Processo de Produção

Processo de Produção

Serviço Nacional de Aprendizagem Comercial – SENAC

Curso Técnico de Segurança do Trabalho

Instrutor: José Fernando Alvares Rodrigues Disciplina: Princípios de Tecnologia Industrial

PROCESSO DE PRODUÇÃO

Instrutor: José Fernando Alvares Rodrigues

Abril – 2009

Belém - PA

1. O PROCESSO DE PRODUÇÃOQuando vamos a um supermercado e compramos gêneros alimentícios, bebidas, calçados, material de limpeza, etc., estamos adquirindo bens. Da mesma forma, quando pagamos à passagem do ônibus ou uma consulta medica, estamos pagando um serviço. Ao viverem em sociedade, as pessoas participam diretamente da produção, da distribuição e do consumo de bens e serviços, ou seja, participam da vida econômica da sociedade. Assim, o conjunto de indivíduos que participam da vida econômica de uma nação é o conjunto de indivíduos que participam da produção, distribuição e consumo de bens e serviços.
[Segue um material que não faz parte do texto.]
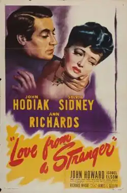 Love from a Stranger is a 1947 American historical film noir directed by Richard Whorf and starring John Hodiak, Sylvia Sidney and Ann Richards.[2] The film is also known as A Stranger Walked In in the United Kingdom. It is based on the play of the same title by Frank Vosper, inspired by a short story by Agatha Christie, which had previously been turned into a 1937 British film Love from a Stranger starring Basil Rathbone.
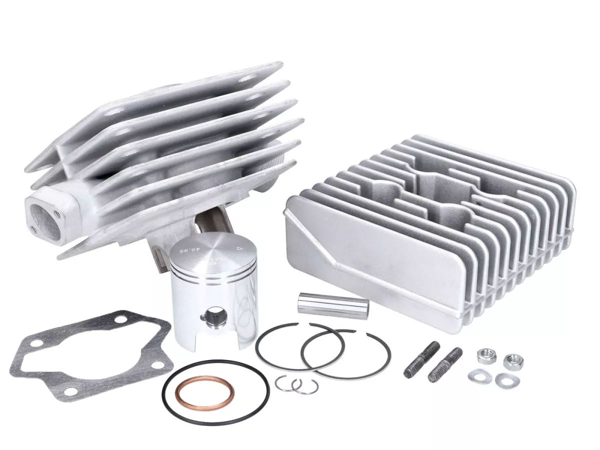 Im Lieferumfang sind enthalten: 4-Kanal-Zylinder (Nickel-Karbid-Silicium beschichtet), zentrierter Zylinderkopf, O-Ring-Dichtung, Fußdichtung, 1x Vertex Kolben, Vergaser-Stehbolzen und Kleinteile
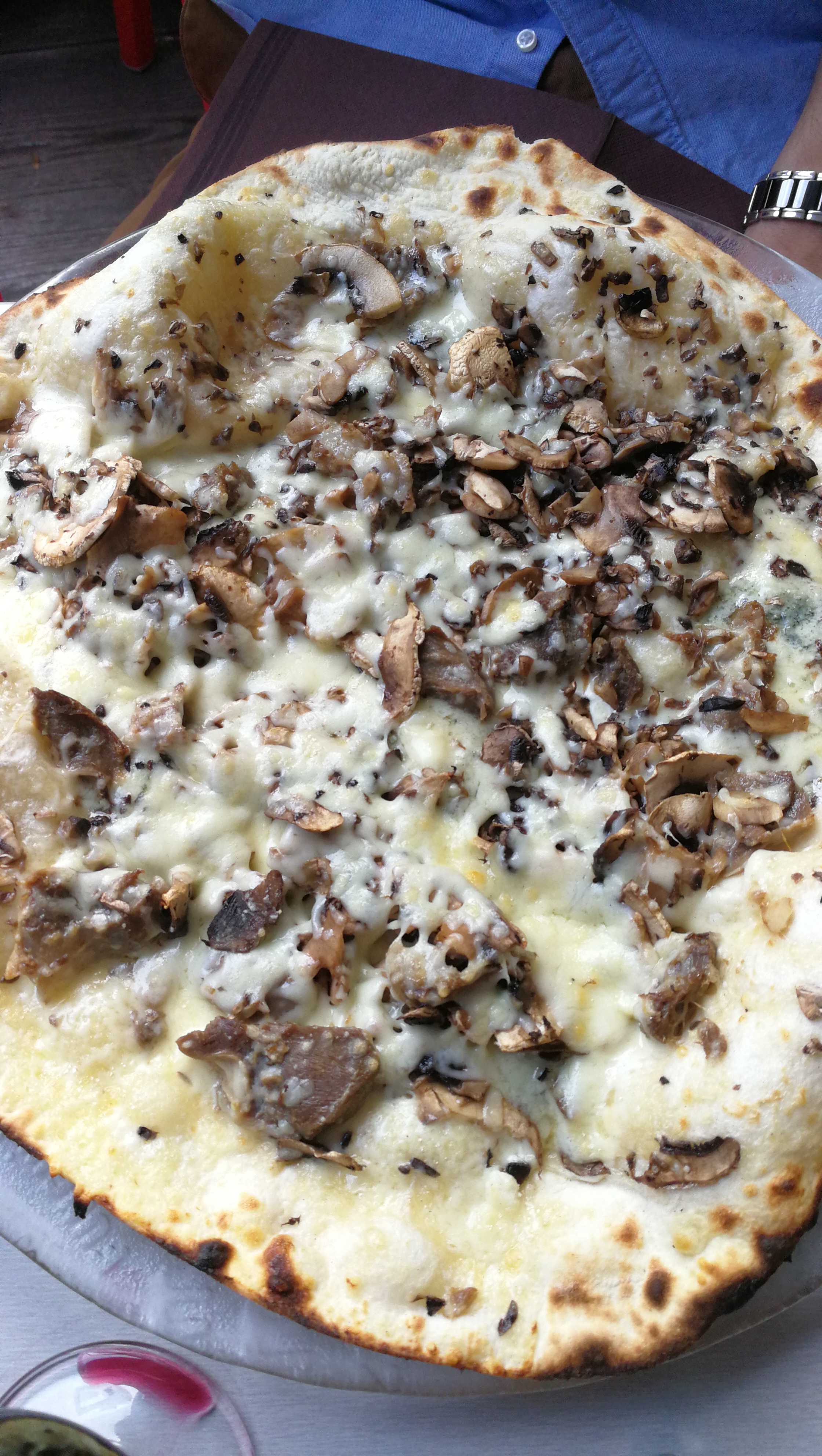 Pizza pâte fine mi cuite, aspect on a jeté les aliments dessus, goût de gruyère je n'ai pas retrouvé le goût de ce qui était annoncé ! Meilleur en dessert toute fois !! A peine l'assiette vide alors que d'autres n'ont pas fini que la table est desservie.

Ex: operários quando trabalham estão ajudando a produzir, quando, com o salário que recebem, compram algo, estão participando da distribuição, pois estão comprando bens e consumo. E quando consomem os bens e os serviços que adquiriram, estão participando da atividade econômica de consumo de bens e serviços.

1.1- PRODUÇÃO – é a transformação da natureza da qual resulta bens de consumo que vão satisfazer as necessidades do homem. Portanto, produzir é dar uma nova combinação aos elementos da natureza.

1.2- FORÇA DE TRABALHO – é a energia física e mental gasta durante o processo de trabalho. Resumindo, o processo de produção compõe-se de três elementos associados: trabalho, matéria-prima, e instrumentos de produção. Vamos analisá-lo mais detidamente. 1.3- TRABALHO: É a atividade realizada pela pessoa que, utilizando os instrumentos de produção, transforma a matéria-prima num bem. De acordo com a execução, o trabalho pode ser classificado como: 1.4- TRABALHO QUALIFICADO: não pode ser classificado sem certo grau de aprendizagem; o trabalho de um torneiro mecânico, por exemplo, enquadra-se nesta categoria. Trabalho não qualificado: pode ser feito praticamente sem aprendizagem; como por exemplo, temos o trabalho de servente de pedreiro. Obs.: Tanto a atividade manual (operário) como a atividade intelectual (desenhista) são trabalhos, desde que tenham como resultado a obtenção de bens e serviços. 1.5- MATÉRIA-PRIMA: Os objetos que, no processo de produção, são transformados para constituírem o bem final são chamados de matéria-prima. Ex: as matérias primas de uma costureira é o tecido, a linha, os botões, os colchetes. Todos estes elementos passam a constituir a roupa, se uma maneira ou de outra; se faltar uma destas matérias primas, a costureira não poderá produzir o vestido. Antes de serem matérias-primas, esses elementos encontram-se na natureza em forma de recursos naturais. Recursos naturais: são os elementos da natureza acessíveis e que podem ser incorporados à atividade econômica do homem.

1.6- INSTRUMENTOS DE PRODUÇÃO: Todas as coisas que direta ou indiretamente nos permite transformar a matéria-prima num bem final são chamados instrumentos de produção. Ex: no caso da costureira, os instrumentos de produção é a tesoura, a agulha e a máquina de costura. 1.7- MEIOS DE PRODUÇÃO: Como vimos, sem matéria-prima e sem instrumentos de produção não se pode produzir nada. Eles são os meios materiais para realizar qualquer tipo de trabalho. Por isso, são chamados meios de produção.

PROCESSO PRODUTIVO MEIOS DE PRODUÇÃO MATÉRIA-PRIMA INSTRUMENTOS DE PRODUÇÃO TRABALHO Ao conjunto dos meios de produção mais o trabalho humano, damos o nome de forças produtivas. FORÇAS PRODUTIVAS = MEIOS DE PRODUÇÃO + HOMENS RELAÇÕES DE PRODUÇÃO Para produzir os bens de consumo e de serviço de que necessitamos, os homens estabelecem relações uns entre os outros. As relações que se estabelecem entre os homens na produção, na troca e na distribuição dos bens são as relações de produção.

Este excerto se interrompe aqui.